● **AIM OF THE TASK**: Below are records; the lines starting at the one with "Custom jersey with" and ending at the one with "Las, Drzewo, Dziewczynka" must be reproduced exactly, both included. Pictures must not appear.

━━ INPUT RECORDS ━━

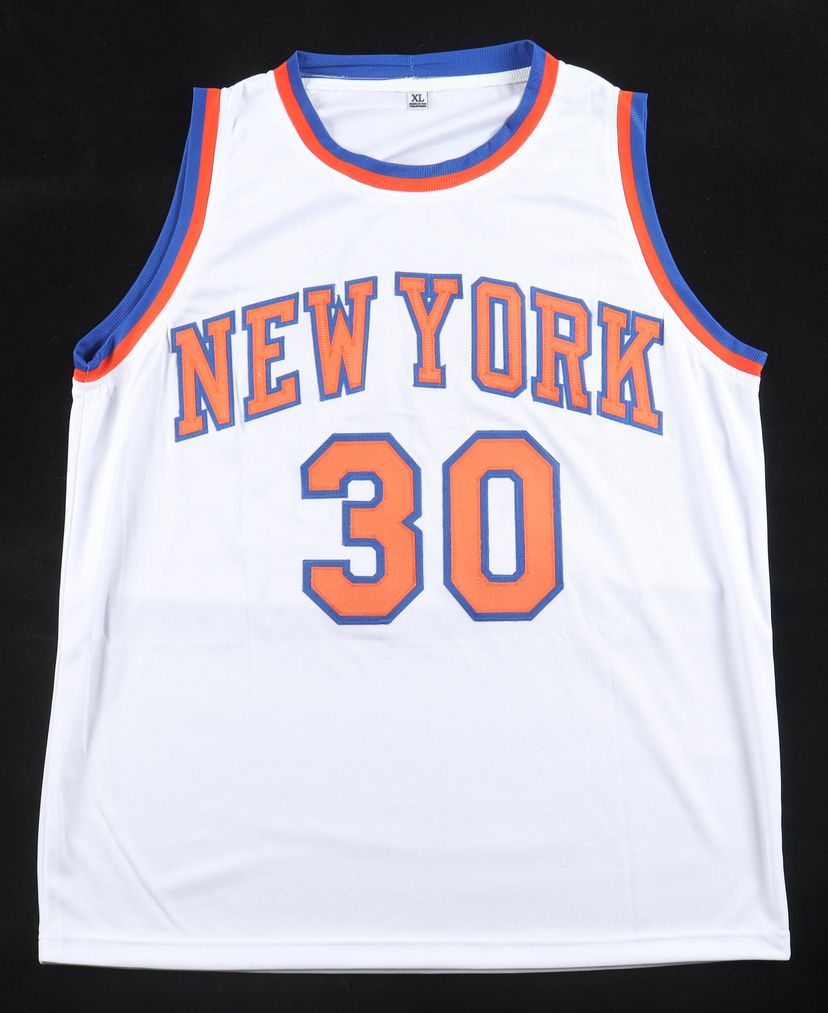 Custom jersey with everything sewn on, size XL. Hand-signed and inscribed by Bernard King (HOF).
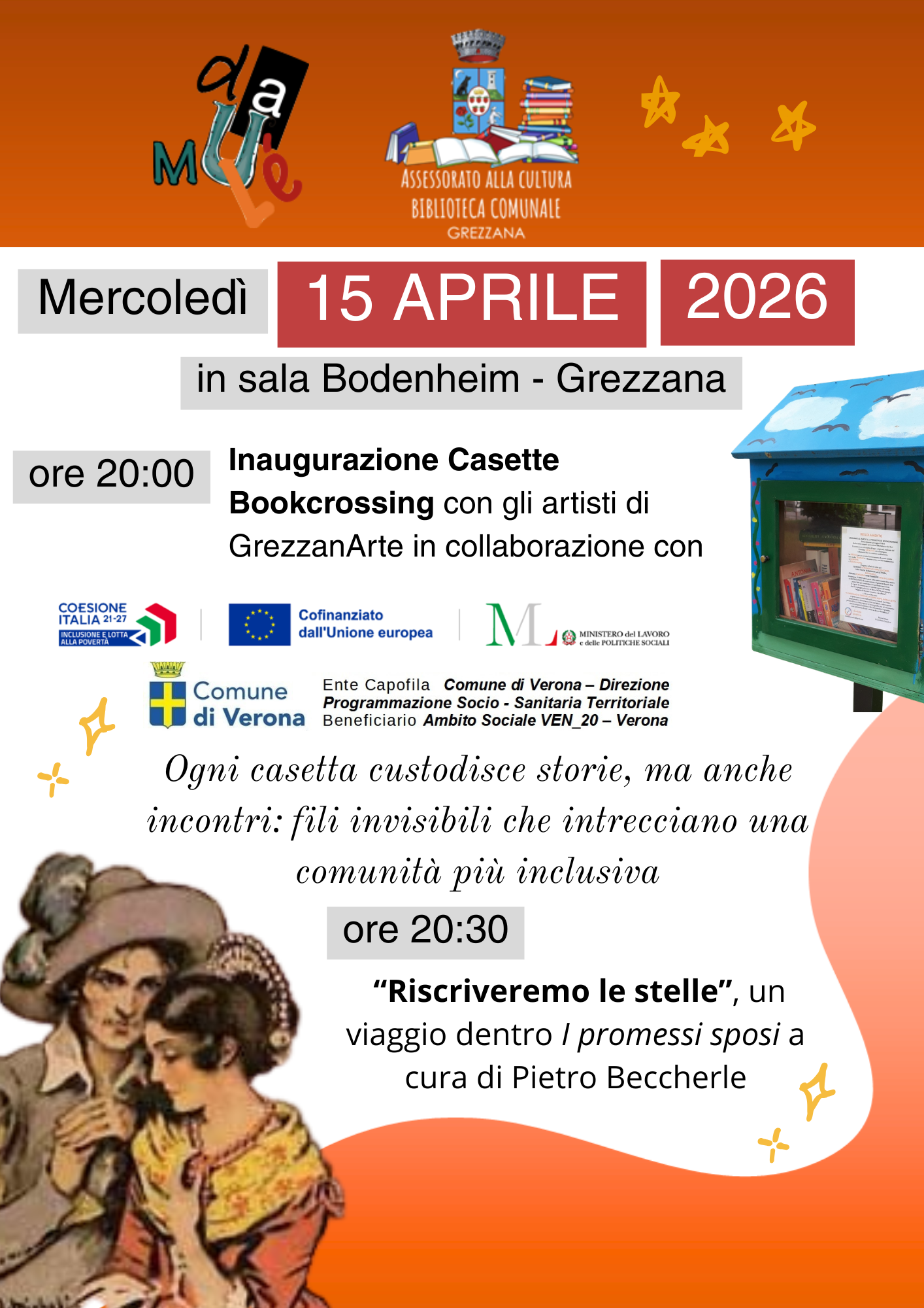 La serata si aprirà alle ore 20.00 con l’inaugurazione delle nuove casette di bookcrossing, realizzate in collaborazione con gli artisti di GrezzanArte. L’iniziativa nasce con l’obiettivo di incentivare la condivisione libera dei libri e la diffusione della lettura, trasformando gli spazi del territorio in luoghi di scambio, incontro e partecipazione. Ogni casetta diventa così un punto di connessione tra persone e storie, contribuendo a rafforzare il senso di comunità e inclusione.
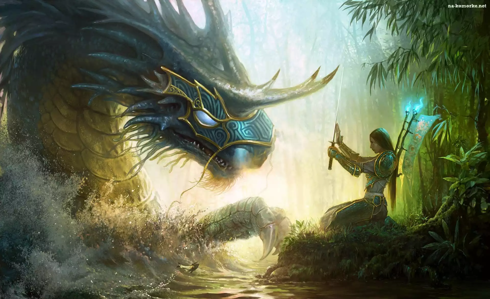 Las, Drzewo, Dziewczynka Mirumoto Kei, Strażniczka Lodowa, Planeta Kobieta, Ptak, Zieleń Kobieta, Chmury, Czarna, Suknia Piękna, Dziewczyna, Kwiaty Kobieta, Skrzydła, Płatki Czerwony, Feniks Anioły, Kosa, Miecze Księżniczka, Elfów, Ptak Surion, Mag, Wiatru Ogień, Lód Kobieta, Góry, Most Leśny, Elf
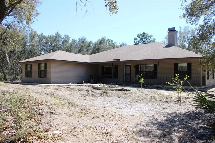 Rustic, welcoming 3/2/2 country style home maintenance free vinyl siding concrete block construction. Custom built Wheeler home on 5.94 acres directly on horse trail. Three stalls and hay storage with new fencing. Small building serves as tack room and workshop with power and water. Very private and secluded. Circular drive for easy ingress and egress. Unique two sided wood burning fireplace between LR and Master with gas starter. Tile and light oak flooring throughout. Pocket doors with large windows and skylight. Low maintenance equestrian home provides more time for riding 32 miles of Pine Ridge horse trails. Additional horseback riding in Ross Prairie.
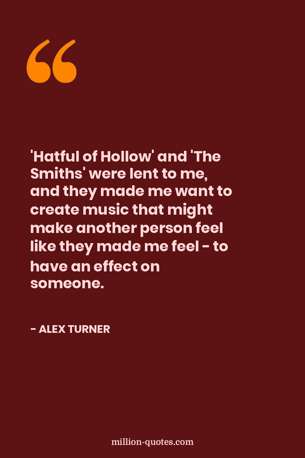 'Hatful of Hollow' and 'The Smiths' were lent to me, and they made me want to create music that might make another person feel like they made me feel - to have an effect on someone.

━━━
━━ INPUT RECORDS ━━

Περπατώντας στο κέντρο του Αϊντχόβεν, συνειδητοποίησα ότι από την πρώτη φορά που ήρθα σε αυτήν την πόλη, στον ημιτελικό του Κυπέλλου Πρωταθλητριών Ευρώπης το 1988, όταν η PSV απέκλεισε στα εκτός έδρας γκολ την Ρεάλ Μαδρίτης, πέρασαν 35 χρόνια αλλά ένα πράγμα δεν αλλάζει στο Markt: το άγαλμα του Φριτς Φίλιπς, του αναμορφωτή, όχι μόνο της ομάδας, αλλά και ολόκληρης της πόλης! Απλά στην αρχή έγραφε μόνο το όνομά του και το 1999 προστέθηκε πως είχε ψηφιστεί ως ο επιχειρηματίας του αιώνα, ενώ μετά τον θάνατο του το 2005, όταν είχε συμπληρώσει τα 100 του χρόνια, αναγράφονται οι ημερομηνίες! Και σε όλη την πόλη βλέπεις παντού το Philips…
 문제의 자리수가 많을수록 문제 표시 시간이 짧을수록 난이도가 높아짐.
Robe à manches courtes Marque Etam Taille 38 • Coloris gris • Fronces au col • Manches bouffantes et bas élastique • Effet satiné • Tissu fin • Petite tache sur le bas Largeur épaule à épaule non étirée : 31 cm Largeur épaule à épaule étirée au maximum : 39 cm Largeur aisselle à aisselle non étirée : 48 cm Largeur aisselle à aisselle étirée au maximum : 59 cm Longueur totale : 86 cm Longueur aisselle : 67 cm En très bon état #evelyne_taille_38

━━━
━━ INPUT RECORDS ━━

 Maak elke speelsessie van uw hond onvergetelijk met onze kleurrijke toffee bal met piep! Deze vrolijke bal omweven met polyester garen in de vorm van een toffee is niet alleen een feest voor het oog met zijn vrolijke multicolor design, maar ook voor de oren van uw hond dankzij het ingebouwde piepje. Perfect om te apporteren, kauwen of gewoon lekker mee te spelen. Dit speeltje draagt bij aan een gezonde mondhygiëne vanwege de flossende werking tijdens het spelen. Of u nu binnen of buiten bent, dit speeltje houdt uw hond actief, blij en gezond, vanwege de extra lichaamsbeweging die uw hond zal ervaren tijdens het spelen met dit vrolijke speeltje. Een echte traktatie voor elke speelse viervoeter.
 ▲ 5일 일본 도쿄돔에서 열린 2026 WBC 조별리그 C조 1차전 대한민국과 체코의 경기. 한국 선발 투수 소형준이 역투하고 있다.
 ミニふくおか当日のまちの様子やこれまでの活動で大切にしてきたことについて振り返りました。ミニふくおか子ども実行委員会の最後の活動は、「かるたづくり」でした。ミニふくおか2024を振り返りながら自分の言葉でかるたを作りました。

━━━

● **EXERCISE SOLUTION**:
 Custom jersey with everything sewn on, size XL. Hand-signed and inscribed by Bernard King (HOF).
 La serata si aprirà alle ore 20.00 con l’inaugurazione delle nuove casette di bookcrossing, realizzate in collaborazione con gli artisti di GrezzanArte. L’iniziativa nasce con l’obiettivo di incentivare la condivisione libera dei libri e la diffusione della lettura, trasformando gli spazi del territorio in luoghi di scambio, incontro e partecipazione. Ogni casetta diventa così un punto di connessione tra persone e storie, contribuendo a rafforzare il senso di comunità e inclusione.
 Las, Drzewo, Dziewczynka Mirumoto Kei, Strażniczka Lodowa, Planeta Kobieta, Ptak, Zieleń Kobieta, Chmury, Czarna, Suknia Piękna, Dziewczyna, Kwiaty Kobieta, Skrzydła, Płatki Czerwony, Feniks Anioły, Kosa, Miecze Księżniczka, Elfów, Ptak Surion, Mag, Wiatru Ogień, Lód Kobieta, Góry, Most Leśny, Elf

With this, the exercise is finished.